Subsequent to the Housing Crisis, the 2010 Dodd-Frank Wall Street Reform Act imposed many new rules. This was a response, in part, to some unscrupulous mortgage lenders and brokers charging excessive fees to consumers.

Mortgage lenders and brokers cannot charge origination fees to borrowers that represent more than 3.0% of the loan amount (the “Points & Fees Cap”). As reasonable as this fee cap concept sounds, it is fraught with restrictions that are unfair to the people it was meant to protect.
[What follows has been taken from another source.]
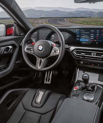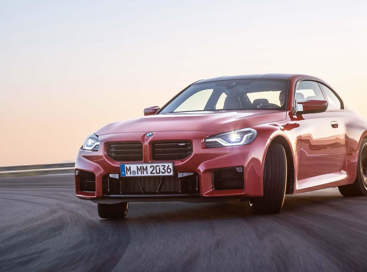 BMW M2. 338 kW (460 hk). Brændstofforbrug ved blandet kørsel WLTP 10,2 - 9,6 l/100 km. CO2 udledning ved blandet kørsel 230-218 g/km. Forbruget kan påvirkes af kørestil, tærren, vejrforhold samt tilvalgt ekstraudstyr. Bilen er vist med ekstraudstyr. BMW M2 lanceres april 2023. Der tages forbehold for trykfejl og prisjusteringer

Let’s take an example of a consumer wishing to borrow $120,000 to buy a home:

$2,700.00 - Mortgage Broker Fee (2.25%* of Loan Amount)
     975.00 - Lender Administration (Standard Average Flat Fee)
$3,675.00 - Total Origination Fees

* Average Florida mortgage broker fees range between 2.0% to 2.75% (based on the interest rate selected, the borrower is eligible to receive a credit at closing to fully cover this fee for most conventional loans).

On the surface, the loan fails the 3.0% Cap (i.e., $3,675 of fees represents 3.1% of the loan). This renders the loan a “Non-Qualified Mortgage”, in which case Fannie Mae could elect not to purchase the loan from the mortgage lender. The lender might stamp “decline”, given their potential inability to monetize the loan.
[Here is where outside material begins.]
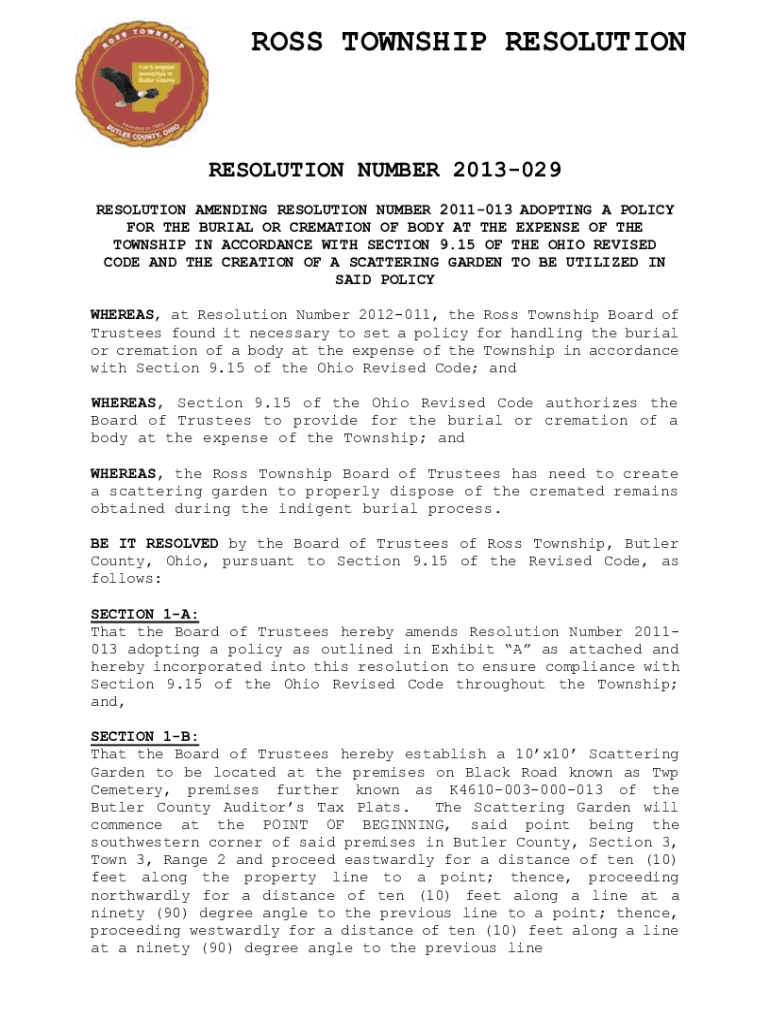 ROSS TOWNSHIP RESOLUTIONRESOLUTION NUMBER 2013029 RESOLUTION AMENDING RESOLUTION NUMBER 2011013 ADOPTING A POLICY FOR THE BURIAL OR CREMATION OF BODY AT THE EXPENSE OF THE TOWNSHIP IN ACCORDANCE WITH

And, if the lender imposes customary “risk adjustment fees” to compensate for a higher loan-to-value or lower credit score (or if the borrower pays a reasonable fee to “buy-down” the rate), these “Discount Points” must also be added into the calculation – making it impossible for the borrower to obtain a Qualified Mortgage. Fortunately, the regulators have acknowledged that some “bonafide” fees may be excluded from the cap calculation, allowing most mortgages to qualify after time-consuming compliance checks.